Writers' Common Mistakes – Part 1
"Great Story, Poor Prose"
I'm a freelance editor, and I discovered a long time ago that my clients shared, to varying extents, certain common mistakes. Let's begin with… well, the beginning.
ATTITUDE: "As long as I tell a good story or write an informative piece of non-fiction, I don't have to worry too much about the prose." Yikes! This attitude will get the door slammed in your face almost before you've even knocked. Believe me, no matter how clever your story or article, an editor/agent won't see it if you prove, in the first couple of paragraphs, that you don't know how to write. They'll have reached for the rejection slip long before discovering your… um… brilliance.
Okay, so now that we've agreed on that and your attitude is wonderful and positive, let us move on to the technical mistakes that drag down the prose of most writers. I'll address each of these subjects in detail in future posts, but for now, I'll summarize and, perhaps, point you in the right self-editing direction.
1) Poor Punctuation: This is as basic as it gets, yet nothing bedevils beginning writers (and some seasoned ones) quite like the rules of punctuation.
a) Commas, in particular, lie at the center of the dilemma.
i) When do you need one? When must you include a conjunction? When should you use a semicolon instead? When should you just use a period and start a new sentence?
b) Colons versus Semicolons
c) Colons versus Dashes
d) Dashes versus Ellipses
e) Periods versus Exclamation Points versus Question Marks
2) Passive Voice: I've already posted three entries on this subject, which I duplicated from another site because it's such a critical issue to writers.
a) Passive Voice sucks the life—the action—right out of a story. Things may happen, but nobody does anything. See those three posts for more.
3) Weak Knees: As the author, you are the authority, and the reader counts on you to provide strong and decisive prose.
a) Beware the deadly "state-of-being" verbs, for they generate no action; they just are.
i) Am, are, is, was, were, had been, etc.
b) Beware weak verb qualifiers that drain the life from the subsequent verb.
i) Starts to, seems to, could have, should have, might have, thought that, possibly, apparently, maybe, appeared to, found (as in found myself doing something), etc.
c) Beware weak verbs that suggest limited or dull action at best, that evoke no real image in the reader's mind, and that often arrive on the page buried under a slew of weak, nasty adverbs, or as preface to a bunch of adjectives.

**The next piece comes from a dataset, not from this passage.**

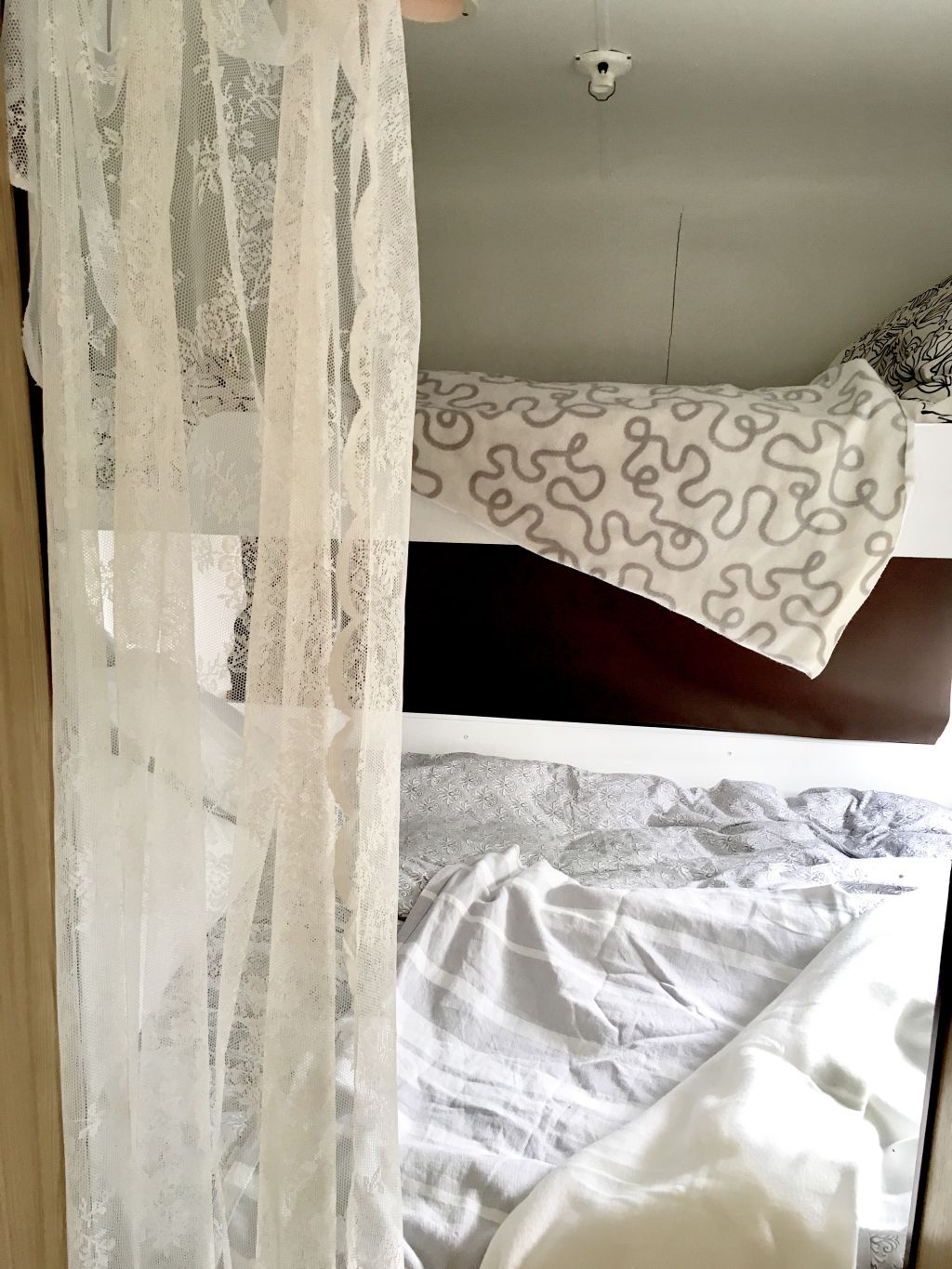Hängde upp en annan gardin, en spetsgardin i vitt (från Rusta). Bäddade också i båda sängarna, med nya sänglakanfrån Cellbes blev så mysigt så. Pläden som egentligen är en duk blev fin på sängen, den är från Cellbes men slut i just den färgen.

i) Came, got, went, had, did, took, kept, made, etc.
d) Beware sensory verbs that steal from the reader a sensory experience, and give it instead to the character.
i) Hear/heard, see/saw, feel/felt, sounded, listened to, looked at, etc.
ii) This also falls under the heading: SHOW, DON'T TELL.
4) Wordiness: Writers fall into this trap for one of two reasons, in my opinion: laziness, inexperience.
a) You must not say in 20 complex or roundabout words what you can say in 12 simple, direct words.
b) If you want to elevate your prose, you must not confuse quantity for quality. Pith is not your enemy; it is your friend.
c) You must not say the same thing over and over, or say the same thing two or three different ways. Your reader is not an idiot. She'll get it the first time.
5) Flinging INGs: I refer to verbs (or verbal nouns) that end in "ing" as INGs, just to simplify matters, as they travel under many different names.
a) One of the worst habits writers develop is opening sentences with Infinite-Verb Phrases—INGs. In most cases, they should restructure the sentence to provide clearer Subject-Predicate logic.
b) Another nasty habit is the use of Present Participles—another form of ING—in a Past Tense narrative. Yes, you may use them from time to time, when the narrative calls for an ongoing action at that moment in the scene. However, most of the time, the action is complete (it's a Past Tense narrative, after all) and a Past Participle (verb ending in "ed") is more appropriate.
6) Adverbs: Most writers use excessive adverbs because they use weak, ineffective verbs to begin with, or because they somehow feel it necessary to cram the descriptive down the reader's throat. I agree with Stephen King, who said in his book, On Writing, "The road to Hell is paved with adverbs."
a) Use a stronger verb that stands alone and provides powerful imagery.
b) Consider using metaphor or simile to create an image in your reader's mind.
As I said earlier, I'll address these issues in greater detail in future posts. In the meantime, I hope this kick-starts your self-editing engine and forces you to stretch yourself a bit.
While you're waiting for my subsequent posts, you can get started on #3 above. Search your document for those weak verbs and create something that's more evocative, more action-centric.